Jairo Aristizábal tiraba la penúltima nasa de madera de maqui a poniente, a diez metros una balsa desarbolada, amontonaba en su espalda garrafas, ropa, cuerdas, lonas, bultos, aperos todos y propios de una tribulación alrededor de un sumidero; lentamente, ajena e inerte se le acerca a la barca. Grita -¡Auro, Auro, mira esto!-. El viejo iza la mirada llena de callos, sin gestos guía su bote hacia el de Jairo. Suena ronco el golpe primero, luego como si se conocieran, la barca de Auro y el flotante extraño se besan sin despegar sus labios. Se miran los pescadores de langosta. Silencio. Tiempo que parece espacio.
En el abordaje, el viejo como quien pisa un cementerio, mira, toca, con el respeto de un converso.
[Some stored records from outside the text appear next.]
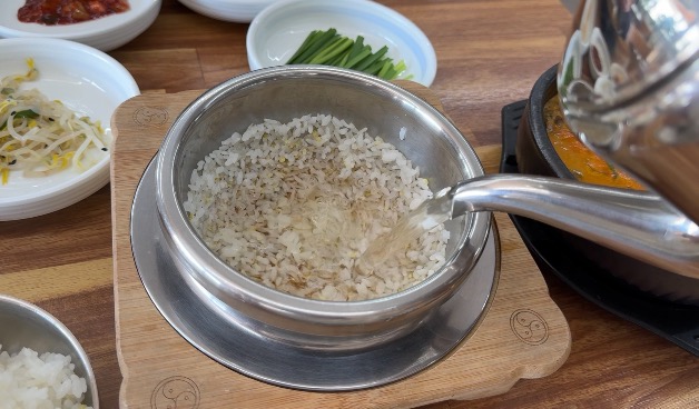 밥을 덜어내고 숭늉물을 부어둡니다.
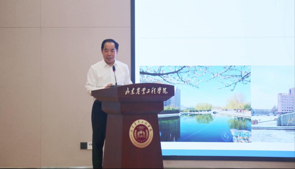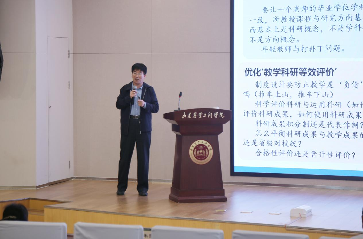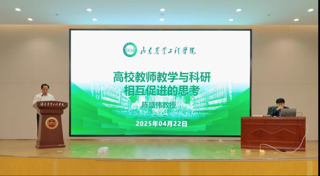 2025 年 4 月 22 日下午,山东理工大学党委常委、副校长陈盛伟教授受邀莅临今年会淄博校区,为今年会教师带来了一场题为《高校教师教学与科研相互促进的思考》的学术报告。本次报告由今年会官方网站校长李进京主持,今年会 200余名教师到场聆听。
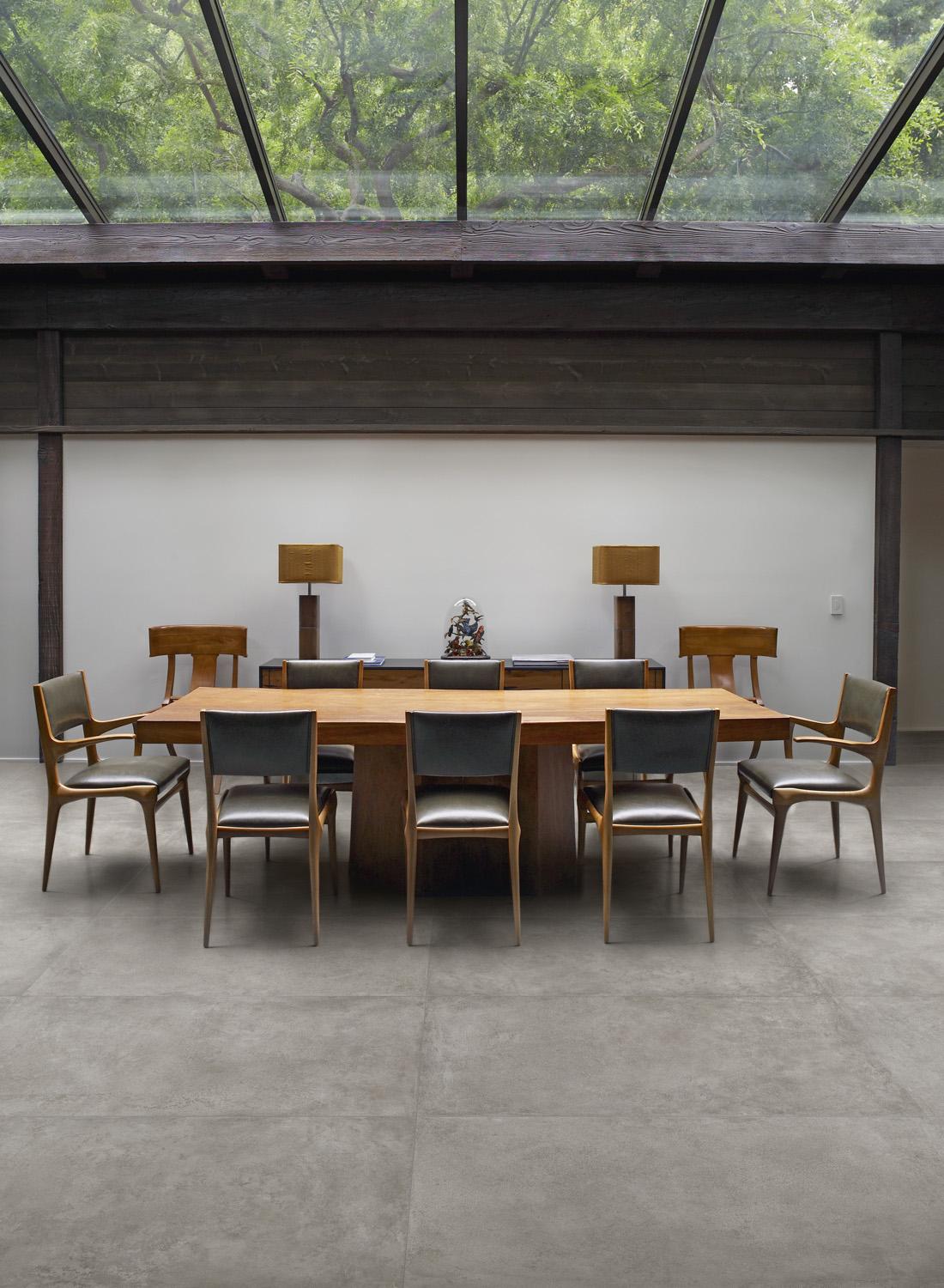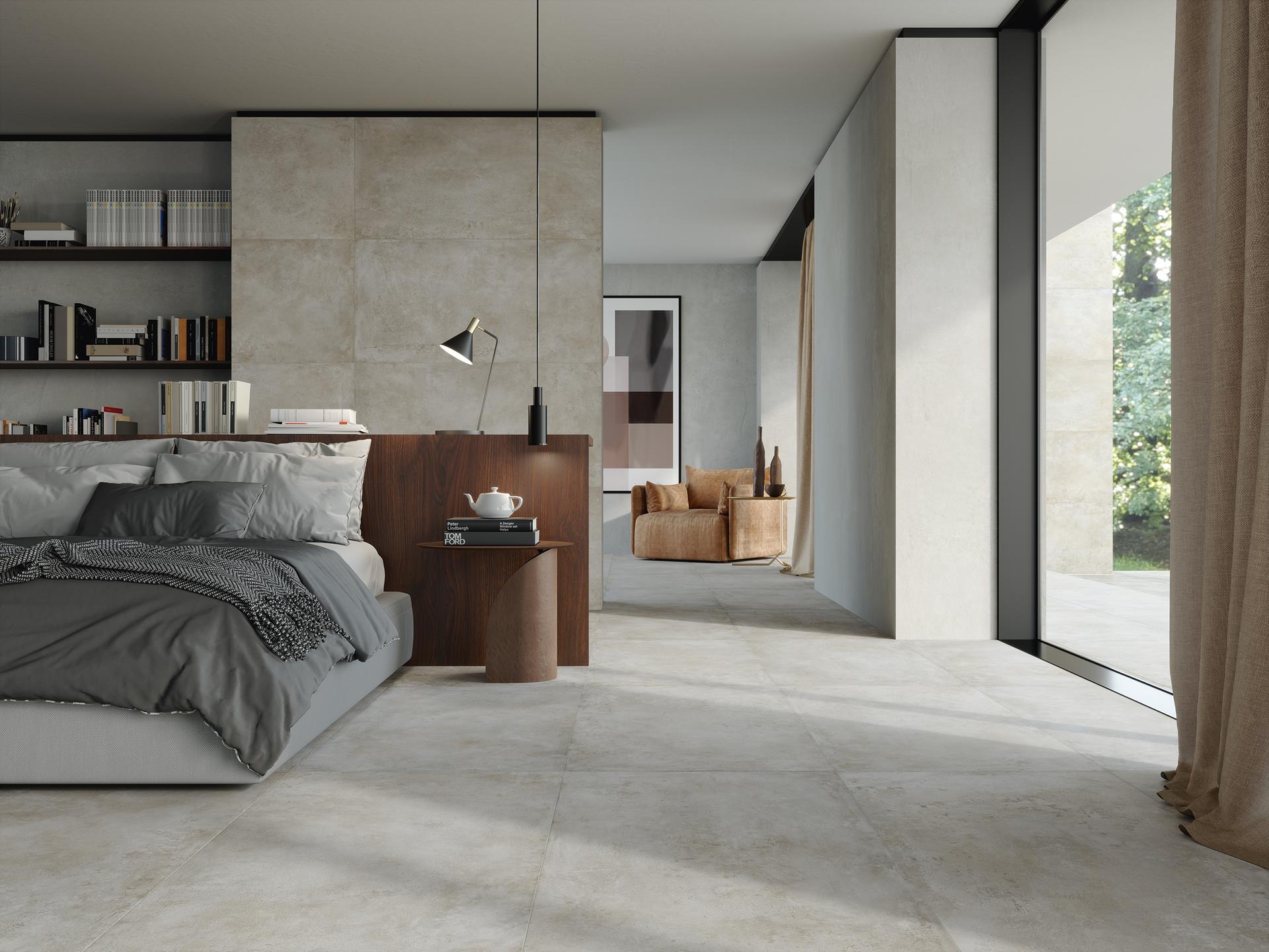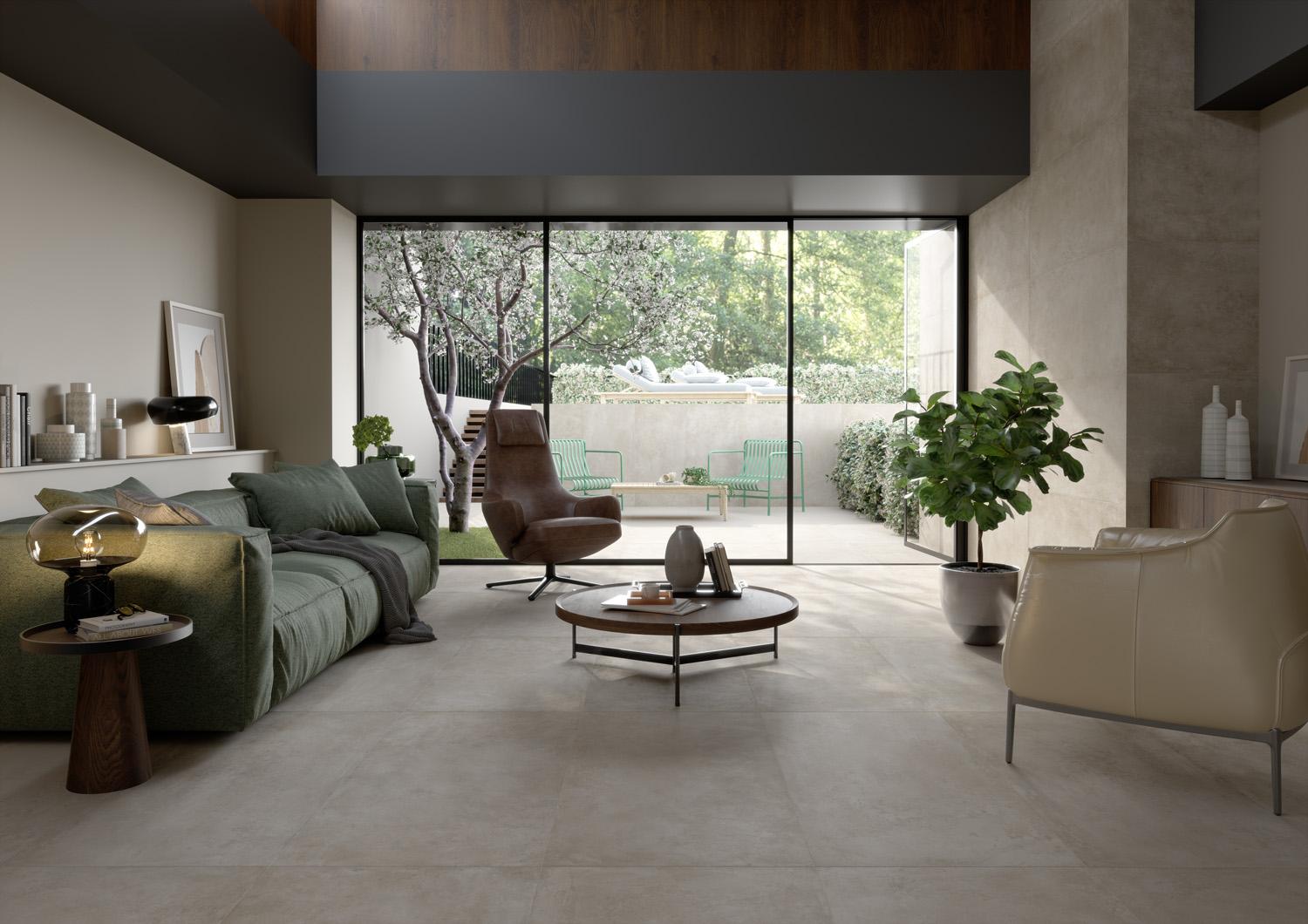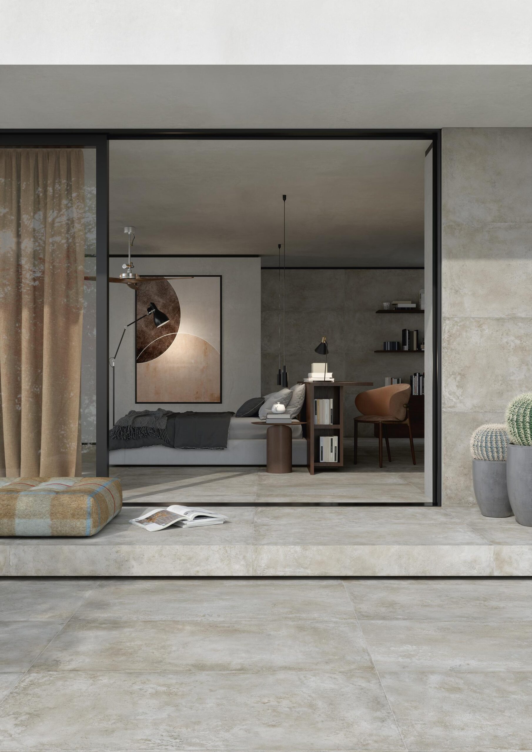 Industriebeton wird zum raumprägenden Planungsinstrument. Plaza steht als Bodenbelag in vier Farben (Blanco, Beige, Grey und Multicolor) mit blauen, ockerfarbenen und braunen Einsprenkelungen zur Wahl, die die Farben von Materialien oder Einrichtungsgeständen aufgreifen. Die Kollektion schafft eine klare Raumästhetik und ein urbanes Flair. Durch die reliefierte Oberfläche bietet sich Plaza auch im Außenbereich als sicherer Belag und somit auch für einheitliche Gestaltungskonzepte an. Die Großformate (60×120 cm, 60×60 cm und 30×60 cm) ermöglichen abwechslungsreiche Verlegemuster und Fugenbilder.

Escombrera de una existencia. En el centro, una caseta de ramas, como de perro, bajareque sin barro impermeabilizado con plásticos. De rodillas, lento, acerca la cara a la boca del cubil. Pupilas dilatadas, gesto de yeso. Un cuerpo de hombre envuelto en plástico con la cabeza al fondo siguiendo el balanceo de las olas, sin tensión, abandonado por su dueño.
Después, al que creían un demacrado muerto, le salió un lamento.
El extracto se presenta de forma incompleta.